What Is a Firewall?
A firewall is a device or software that monitors network traffic in and out of an organization’s private systems, protecting against malicious attacks. Firewalls also provide logging and audit functions, allowing administrators to review security alerts for troubleshooting or compliance reasons.
Generally, firewalls protect against threats by scanning data sent over the Internet and comparing it to a list of known bad connections. If a piece of information doesn’t match one of the rules, it’s blocked. Firewalls should be updated regularly as new cybersecurity threats emerge, and vendors create patches to address these vulnerabilities.
Firewalls work on the principle of least privilege access, which stipulates that entities should only have the access they need to complete their tasks. Firewalls are able to evaluate connections at various network levels, including application, circuit, and transport layers.
In addition to examining each packet in context, stateful firewalls keep track of past active connections. This allows them to make faster decisions based on previous interaction and event histories rather than inspecting every incoming packet.
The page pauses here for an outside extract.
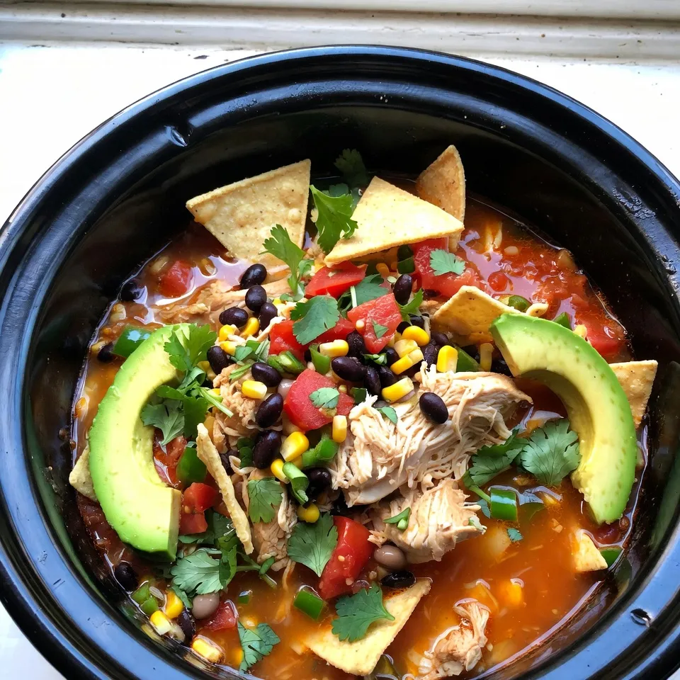 A flavorful and hearty chicken tortilla soup made in a crockpot, perfect for any occasion.
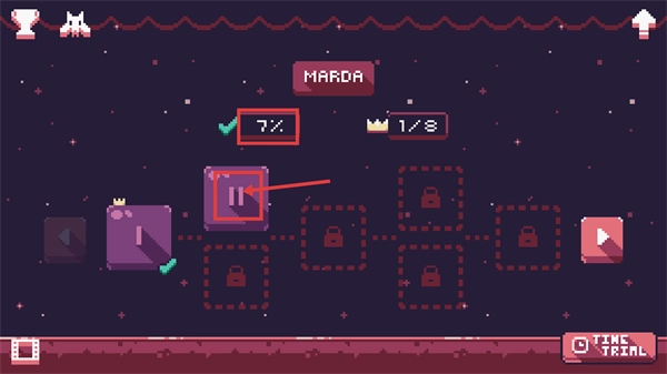 查看【MARDA】模块当前【7%】的进度以及【1/8】的皇冠数量,点击带有箭头标识的方块,解锁对应的带锁区域,以此来推动游戏进程。

These types of firewalls can also be used to stop attack patterns that exploit ports that have been left open for too long.
In a home network, a firewall is usually built into the router or included in the operating system. For organizations with multiple firewalls, a managed security service provider can host them in the cloud and handle all the configuration, updates, and monitoring. This is a great option for companies with multiple locations or remote workers as it eliminates the need for additional hardware on each endpoint.